Cooper wrinkled his brow. “But … I thought this was a steady state experiment. I mean, nothing changes, that’s the whole point. We keep the temperature low but constant. The scopes and amps and rectifiers are all warmed up and holding to pattern. They—”

Gordon waved him into silence. “It’s nothing we are doing. We’ve spent weeks checking the electronics; that’s not malfunctioning. No, it’s something else, that’s my point.”

“But what?”

“Something from outside. Interference.”

“How could—”

“Who knows?” Gordon said with new energy. He began his characteristic nervous pacing. His shoe soles squeaked on the floor at every turn. “What’s happening is, there’s another source of signal in the indium antimonide. Or else the indium is picking up a time-varying input from outside the lab.”

“I don’t understand.”

“Hell, I don’t either. But something’s screwing up the nuclear resonance detection. We’ve got to track it down.”

Cooper squinted at the erratic lines, as though measuring in his mind’s eye the alterations that had to be made to study the problem further. “How?”

“If we can’t remove the noise, study it. Find out what it’s coming from. Is it occurring in all the indium antimonide samples? Does it filter in from some other lab here? Or is it something new? That sort of thing.”

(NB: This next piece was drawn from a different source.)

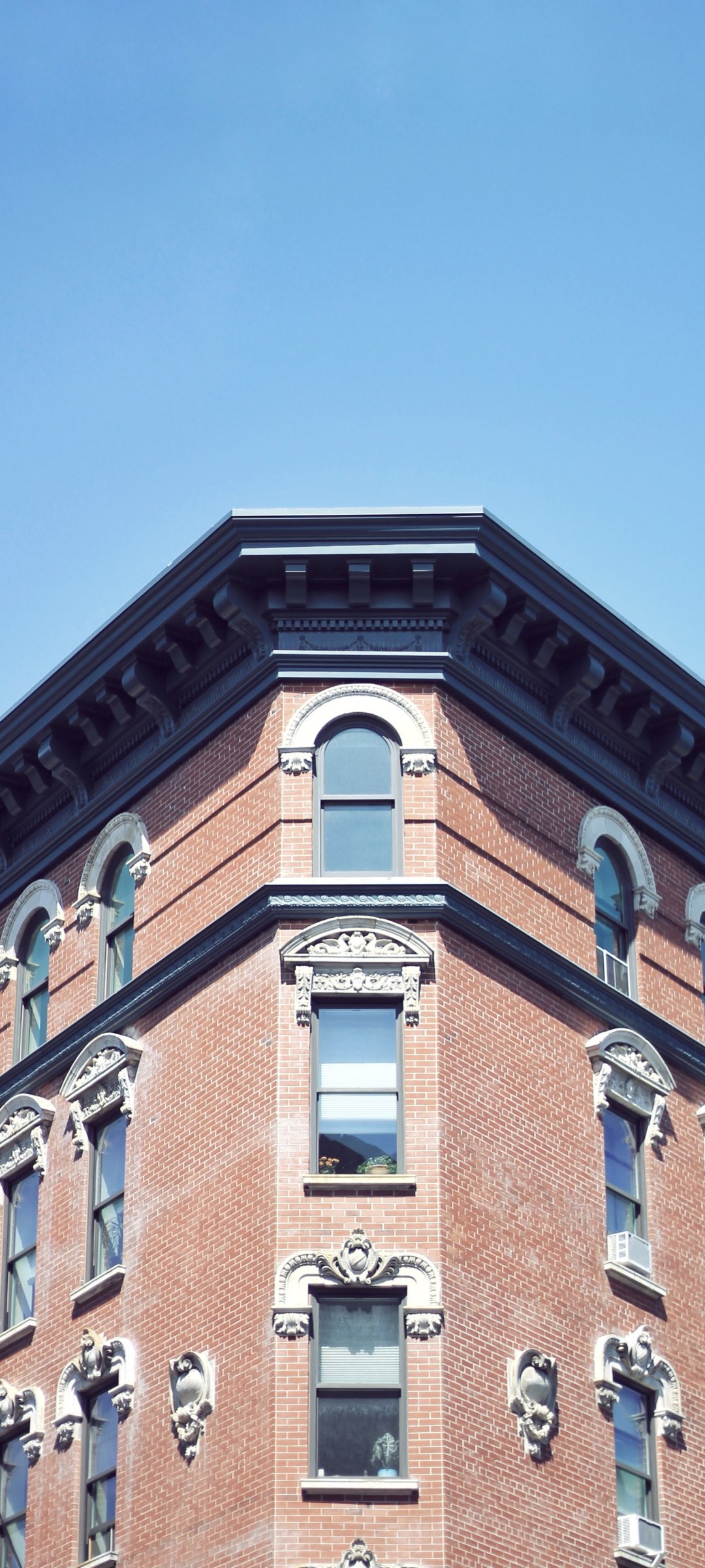 Wallpaper: city, windows, sky, brick building, minimalism - 1080x2400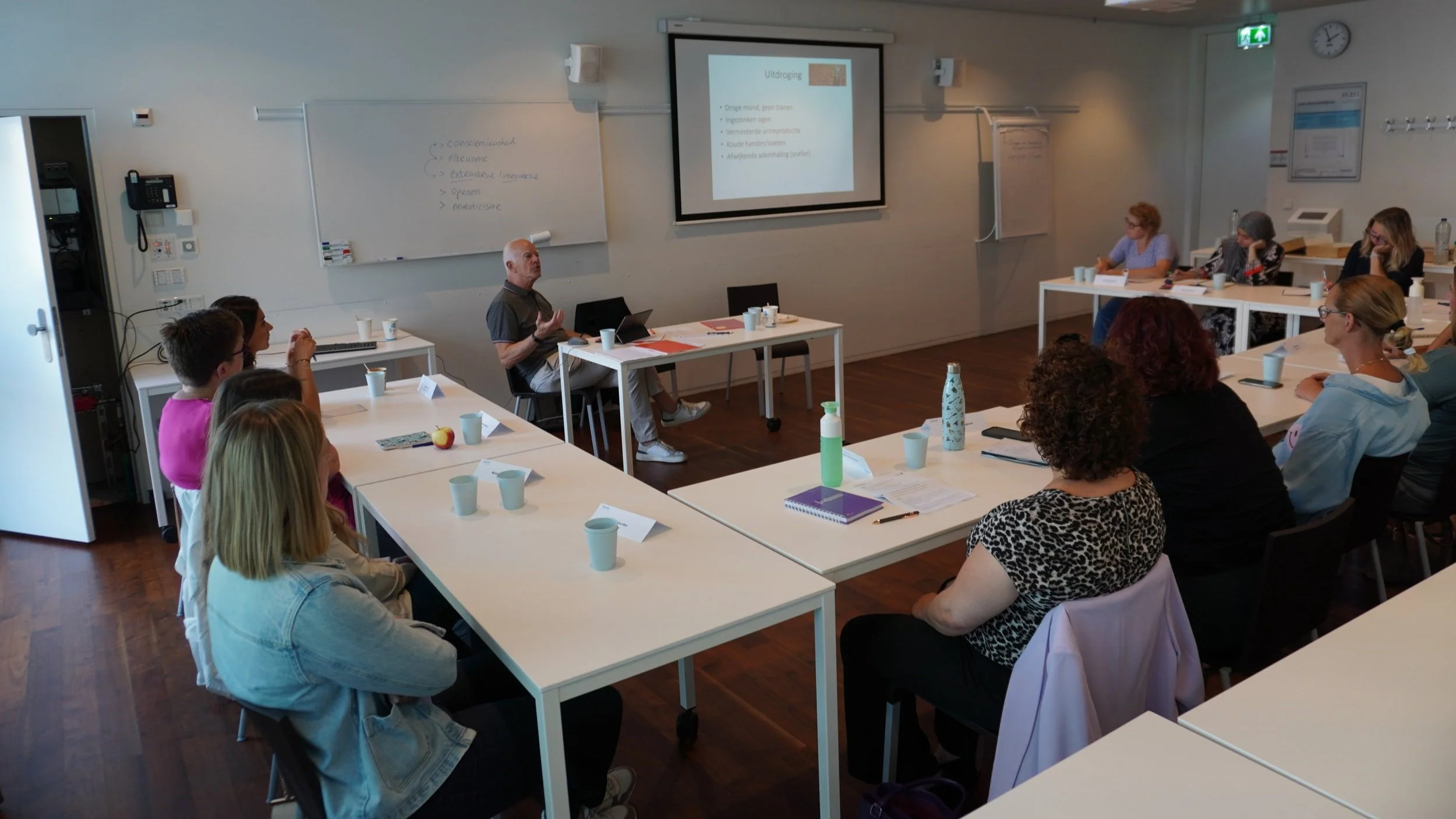 De ochtend bood een afwisseling van theorie en interactieve momenten, waarbij ook geoefend werd met casuïstiek, zoals ingebrachte problemen in de communicatie en de samenwerking. De twee gastdocenten probeerden vertrouwelijkheid te creëren en gaven hen handvatten voor het geven van feedback en de invulling van de rol bij de opleiding. Na een rondleiding over de afdeling stond in de middag een medisch programma centraal met het thema ‘kinderen met koorts’. De praktijkassistentes dachten interactief mee over hoe ze dingen oppakken: “Wat ga je doen? Wat ga je veranderen? Wat zou ertoe bij kunnen dragen je werk met nog meer plezier te doen?”.

Cooper nodded slowly. Gordon framed a few quick circuit diagrams on the back of one of the sheets, sketching in the components with a pencil. He could see fresh possibilities now. An adjustment here, a new piece of equipment there. They could borrow some components from Lakin down the hall, and probably talk Feher out of his spectrum analyzer for a day or two. Gordon’s pencil made a small scratching sound against the background chugging of roughing pumps and the pervasive hum of the electronics, but he heard nothing. The ideas seemed to come up out of him and squeeze through the pencil onto the page, jotted down almost before he had thought them through, and he felt that he was on the track of something in this noise problem. There might be a new structure hiding behind the data like big game in a dense thicket. He was going to find out; he was sure of that.

CHAPTER FOUR

1998

Gregory Markham cycled past the fragrant buildings devoted to Veterinary Medicine and swooped into the driveway of the Cavendish Laboratory. He liked the soft brush of moist air as he arced around the curves, shifting his weight in a careful rhythm. His aim was to find a minimum curve which would deposit him at the lab entrance, a geodesic for this particular local curvature of space. One last burst of pedaling and he dismounted at a respectable speed, trotting alongside, using the bike’s energy to roll it into one of the concrete wheelstands.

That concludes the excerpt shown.